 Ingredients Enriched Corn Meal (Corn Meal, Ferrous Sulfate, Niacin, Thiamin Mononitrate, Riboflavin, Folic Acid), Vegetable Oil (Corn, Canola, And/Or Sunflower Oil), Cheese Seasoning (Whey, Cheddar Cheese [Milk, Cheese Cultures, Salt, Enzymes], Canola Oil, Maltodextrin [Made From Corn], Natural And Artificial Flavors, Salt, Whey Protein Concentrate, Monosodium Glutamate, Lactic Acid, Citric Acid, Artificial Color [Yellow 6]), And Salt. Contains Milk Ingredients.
--
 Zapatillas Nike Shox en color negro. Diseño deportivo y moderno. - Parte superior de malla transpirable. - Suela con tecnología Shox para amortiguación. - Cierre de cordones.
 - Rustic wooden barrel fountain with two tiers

> _Instructions for the task_
Could you repeat exactly the lines above from the line with "Zapatillas Nike Shox" up to and including the line with "- Rustic wooden", and only those?

> _Problem solution_
 Zapatillas Nike Shox en color negro. Diseño deportivo y moderno. - Parte superior de malla transpirable. - Suela con tecnología Shox para amortiguación. - Cierre de cordones.
 - Rustic wooden barrel fountain with two tiers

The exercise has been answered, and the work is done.